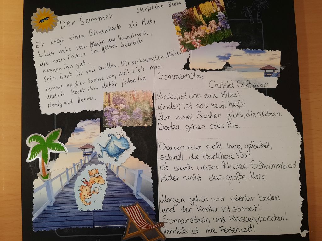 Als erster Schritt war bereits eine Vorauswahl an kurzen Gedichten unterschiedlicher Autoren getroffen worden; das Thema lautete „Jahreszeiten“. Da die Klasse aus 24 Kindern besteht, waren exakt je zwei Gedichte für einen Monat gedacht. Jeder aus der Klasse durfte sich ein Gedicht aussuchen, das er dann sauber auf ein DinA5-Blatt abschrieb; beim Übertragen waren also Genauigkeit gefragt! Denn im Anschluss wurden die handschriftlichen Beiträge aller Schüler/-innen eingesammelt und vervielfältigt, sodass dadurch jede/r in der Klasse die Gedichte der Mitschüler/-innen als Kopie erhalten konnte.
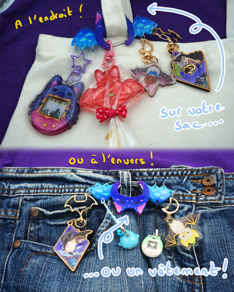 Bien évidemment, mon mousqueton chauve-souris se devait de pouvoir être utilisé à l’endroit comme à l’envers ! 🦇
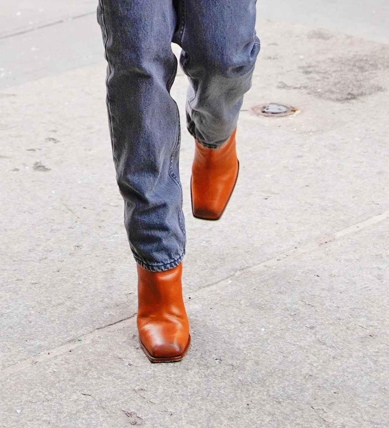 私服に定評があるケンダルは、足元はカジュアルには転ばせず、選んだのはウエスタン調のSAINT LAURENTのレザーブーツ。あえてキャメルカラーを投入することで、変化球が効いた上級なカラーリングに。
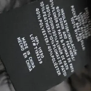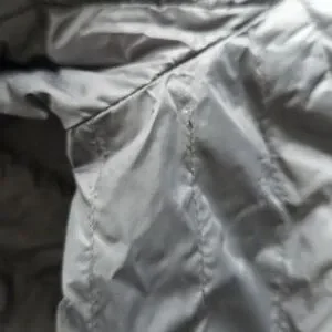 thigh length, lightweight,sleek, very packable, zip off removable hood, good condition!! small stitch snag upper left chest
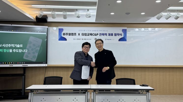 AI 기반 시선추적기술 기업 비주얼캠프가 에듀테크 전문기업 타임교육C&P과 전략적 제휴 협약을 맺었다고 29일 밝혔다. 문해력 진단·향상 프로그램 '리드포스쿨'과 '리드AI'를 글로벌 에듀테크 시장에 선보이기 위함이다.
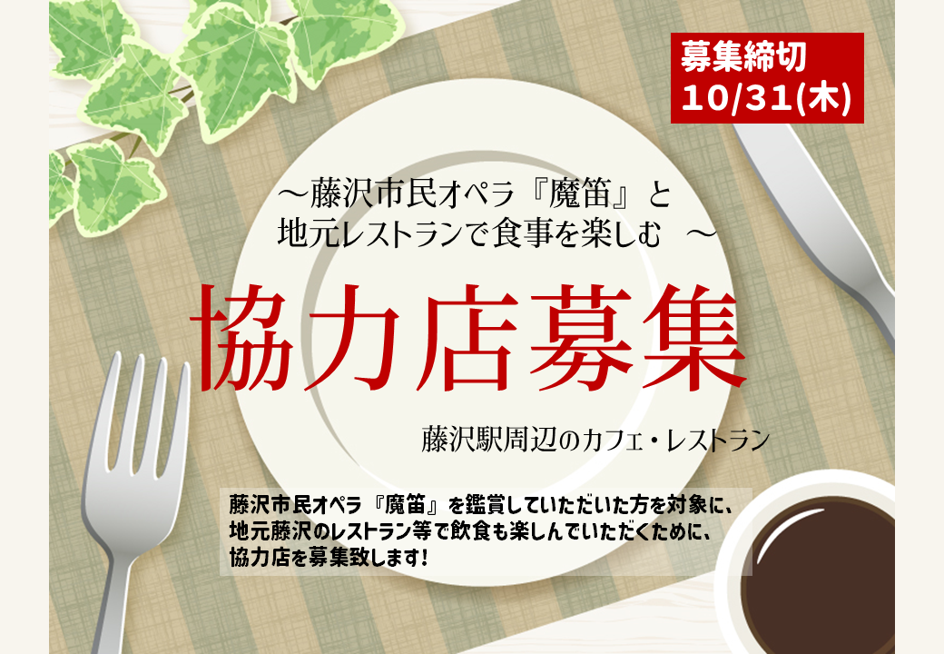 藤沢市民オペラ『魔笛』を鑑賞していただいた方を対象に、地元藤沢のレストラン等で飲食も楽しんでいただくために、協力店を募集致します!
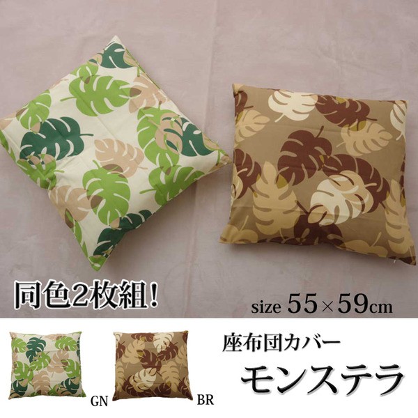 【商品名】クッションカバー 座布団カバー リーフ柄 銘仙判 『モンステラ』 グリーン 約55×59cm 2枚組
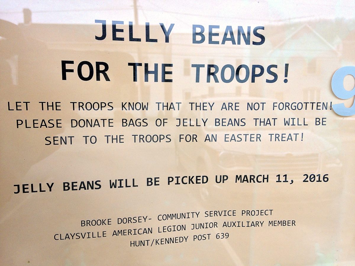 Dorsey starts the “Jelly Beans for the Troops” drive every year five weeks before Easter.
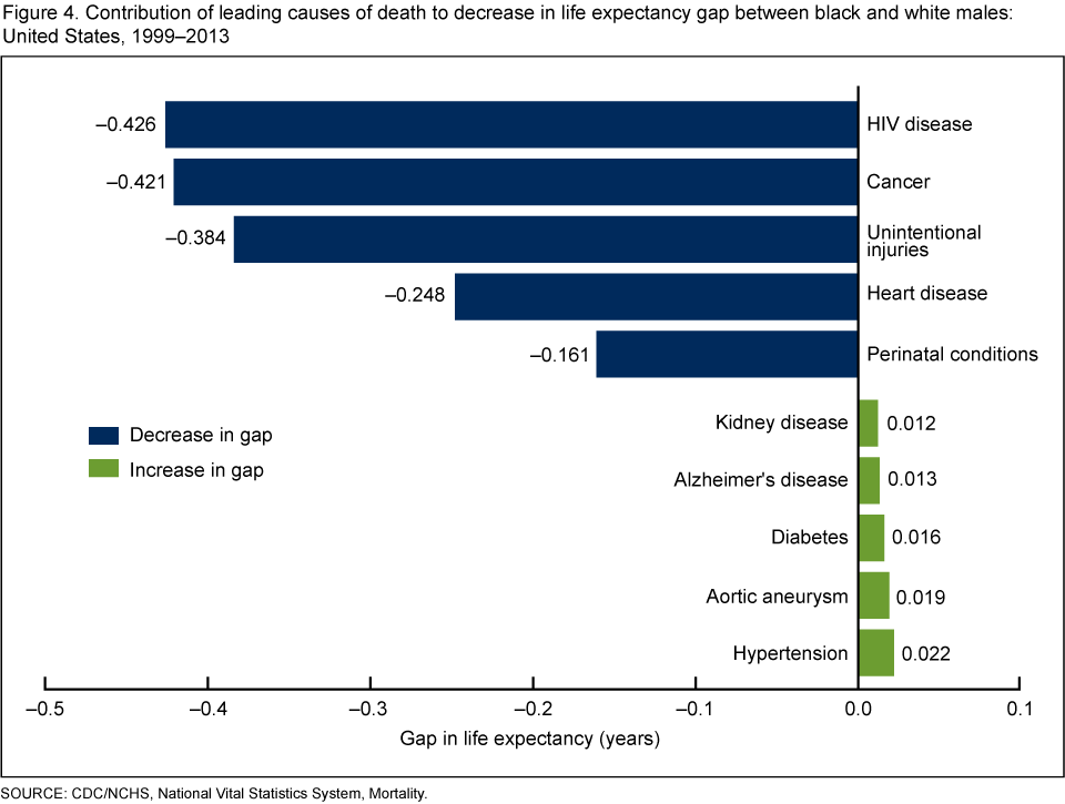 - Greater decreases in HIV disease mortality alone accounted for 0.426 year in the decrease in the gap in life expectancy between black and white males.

Your task — What you return must match, character for character, the lines above from the one with "thigh length, lightweight,sleek, very" through the one with "Dorsey starts the", minus any pictures.

Task response —
 thigh length, lightweight,sleek, very packable, zip off removable hood, good condition!! small stitch snag upper left chest
 AI 기반 시선추적기술 기업 비주얼캠프가 에듀테크 전문기업 타임교육C&P과 전략적 제휴 협약을 맺었다고 29일 밝혔다. 문해력 진단·향상 프로그램 '리드포스쿨'과 '리드AI'를 글로벌 에듀테크 시장에 선보이기 위함이다.
 藤沢市民オペラ『魔笛』を鑑賞していただいた方を対象に、地元藤沢のレストラン等で飲食も楽しんでいただくために、協力店を募集致します!
 【商品名】クッションカバー 座布団カバー リーフ柄 銘仙判 『モンステラ』 グリーン 約55×59cm 2枚組
 Dorsey starts the “Jelly Beans for the Troops” drive every year five weeks before Easter.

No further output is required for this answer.